Трудным был только первый шаг. А потом я пересекла комнату и опустилась на колени перед мертвым Иваном. Коснулась рукой его содранной щеки.

– Мне нужно много сказать тебе… Ты и сам виноват, никогда не давал мне даже рта открыть… – Я взяла Ивана за руку – мягкую и неожиданно податливую.

– Осторожно, – предупредил Нимотси. – Кости-то ему все раздробило…

– Выйди, – попросила я Нимотси.

– Нет.

– Ну и черт с тобой… – Я снова обратилась к Ивану: – А у тебя седой волос, я вижу… Паршиво быть брюнетом… Я тебя люблю, что скажешь?.. Мы теперь равны, мы теперь очень похожи, ты не находишь?

Нимотси плеснул водку в стаканы: два были наполнены до краев, один лишь на четверть.

Наполненный на четверть он вставил в руку Ивану:

– Извини, старик, много не наливаю, ты сегодня уже достаточно выпил. Держи, Мышь!

Он протянул мне один стакан, а сам взял другой.

– Знаешь, что сказал бы сейчас этот сукин сын? Одну простую вещь: «Поставьте-ка мне любимую вещь мою… Рея Чарльза, «Скатертью дорога, Джо»… И – хули тянуть, когда водка налита. Выдохнется!..

Я проглотила водку, не чувствуя ее вкуса.

– Лихо! – Нимотси отобрал у меня пустой стакан и одобрительно похлопал по плечу. – Ему бы понравилось. Закуси!..

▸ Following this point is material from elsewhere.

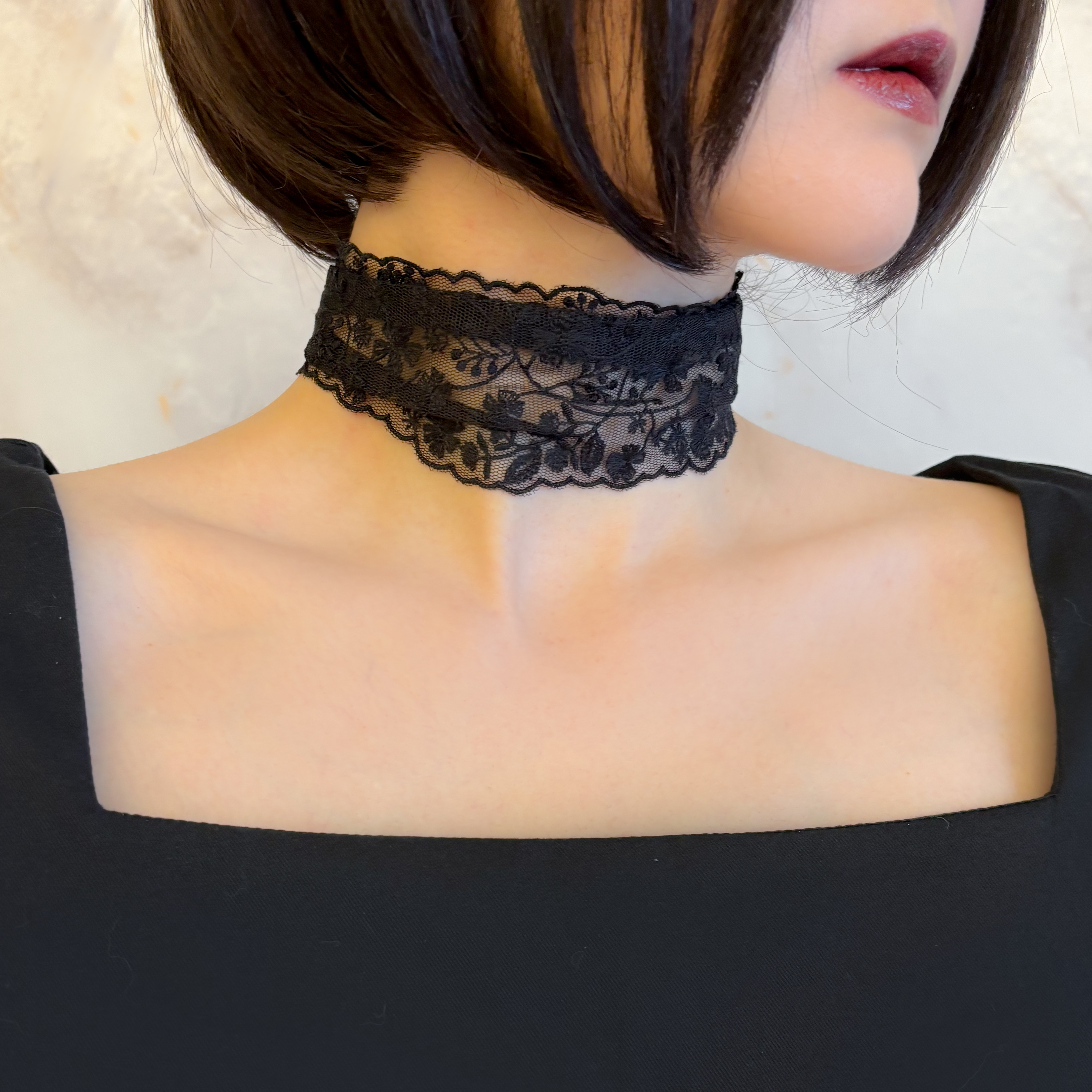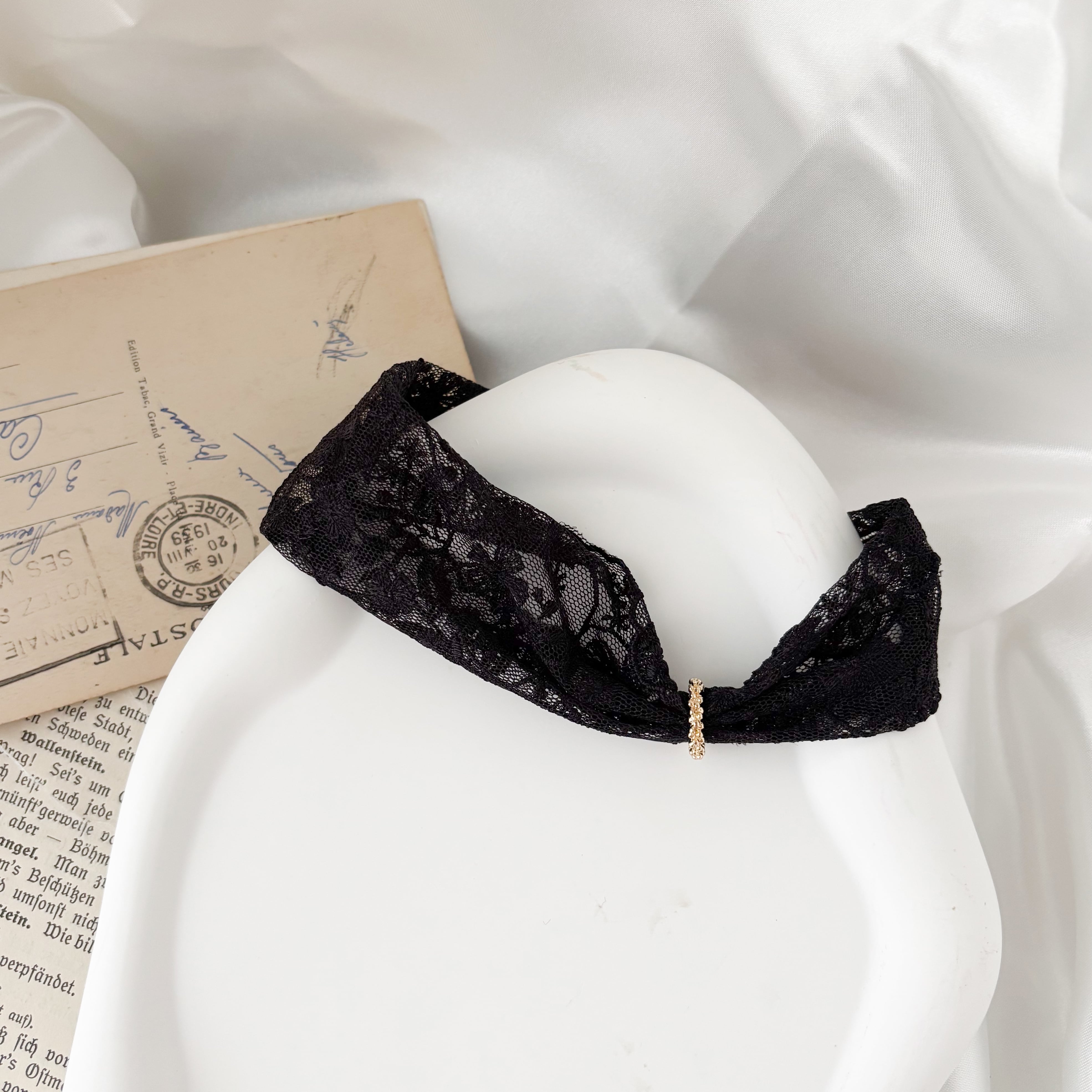 記憶という名の風と共に:黒レースのスカーフ風チョーカー SV680

Он протянул мне яблоко, но я только замотала головой; кураж, вот чего мне всегда не хватало. Ему бы действительно понравилось.

– А теперь мы… – Нимотси никогда не пил водку – он вырос в Средней Азии и спокойно существовал по принципу: «Лучшая водка – это анаша». Но сейчас было другое дело, и стакан Нимотси стукнулся со стаканом Ивана: – За тебя, скотина, хотя ты этого и не заслуживаешь!

Он осилил только половину, закашлялся и выплеснул оставшуюся жидкость через плечо.

– Продукт переводишь, – сказала я с надменными интонациями Ивана в голосе, – ему бы не понравилось.

– Поучи жену щи варить, – огрызнулся Нимотси и хрустнул яблоком, – тоже мне…

Сквозь верхнюю, незакрашенную часть окна проникал безразличный свет от уличного фонаря; наверное, сейчас мы были как никогда похожи друг на друга – все трое; все живые и все мертвые.

– Ну что, – искушала я Нимотси, – между первой и второй перерывчик небольшой? Давай, обслужи нас…

Быстро хмелеющий Нимотси снова разлил водку – полные стаканы – и добавил чуть-чуть в стакан Ивана.

– Обновим… Кстати, родился спонтанный тост.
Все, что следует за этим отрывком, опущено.